At some point, the theme would shift from the radio station WLIR and British rock to Black history, culture, and art. Her archived collection of notebooks and journals impressively chronicles the various phases of her life from 10th grade to the present, and she still journals every day, writing in her Hobonchi planner several times throughout the course of the day. At one point, she thought she might switch to using an app called One Day, which was more efficient, but she realized that she’d have nothing to leave to her daughter, Devin, if she switched to digital forms of journaling. She wants her daughter to someday have all of her notebooks and read through them, all parts of them, because, as Khristina explains, these books are part of her legacy. 

While her childhood was marked by trauma, and she would sometimes get into trouble after her mother would read something she’d written in a notebook, she continued to write, own, curate, and cultivate her story. She owned it and valued it so much that the preservation of it is part of the process, so that, in her own words, her daughter has a chance to “know me when I’m not here anymore.” Her notebooks were not only something that she was compelled to write in and keep because they helped her cope and manage anxiety and plan and gain some sense of control over her life, but they were also such an important and integral/intimate part of herself that they would be a connection to her when she was no longer here. 

Her story is told not only in words, but in art and images as well. Sometimes, she cannot articulate her feelings through writing and when that happens, she doesn’t pressure herself. She decorates her journal and plays with paper until she’s inspired to write. She uses a lot of stickers and prints photos on sticker paper to fill the pages because that allows her to express herself in artistic ways with, what she calls, her limited artistic ability, and I loved looking at them. Her notebooks are beautiful and full of rich meaning. I was inspired by her ability to embrace her inner child and find joy in playfulness, color, and art.

To those who want to keep a journal or notebook, but don’t know where or how to get started, Khristina suggests that you find a basic notebook that is beautiful and portable and that you always keep it with you. “Make it a place where you can attach memorable things from you day, [like] movie or concert tickets, I VOTED stickers, pictures of your family, etc. These make your notes more valuable to you.” 

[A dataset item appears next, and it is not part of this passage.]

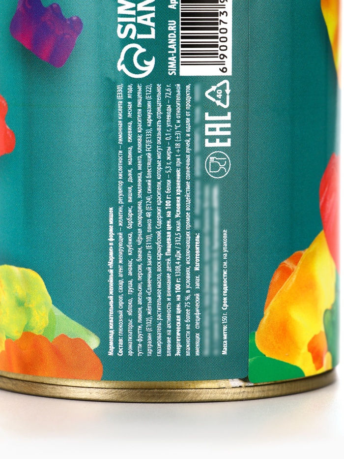 Состав: глюкозный сироп, сахар, агент желирующий – желатин, регулятор кислотности – лимонная кислота (Е330), ароматизаторы: «Яблоко», «Груша», «Ананас», «Клубника», «Барбарис», «Вишня», «Дыня», «Малина», «Ежевика», «Лесная ягода», «Тутти-фрутти», «Лимон», «Апельсин», «Персик», «Банан», «Черная смородина», «Земляника», «Манго», «Клюква», красители пищевые: тартразин (Е102), желтый «Солнечный закат» (Е110), понсо 4R (Е124), синий блестящий FCF (Е133), кармуазин (Е122), глазирователь – растительное масло, воск карнаубский.

Her favorite supplies include her Hobonichi planners. She uses the A5 Avec, which divides the year into two notebooks. This makes them thinner for her because they get thicker when she adds things to the pages. She also likes Cloth and Paper inserts, Rosie Papeterie, TWSBI fountain pens, UNI One, and Sarasa dry pens. 

I am so grateful to Khristina for opening up her notebooks and her heart, and I will be carrying this advice into the New Year with me by intentionally capturing more of my special memories in more playful ways and not only focusing on words and the “serious” stuff that makes up life.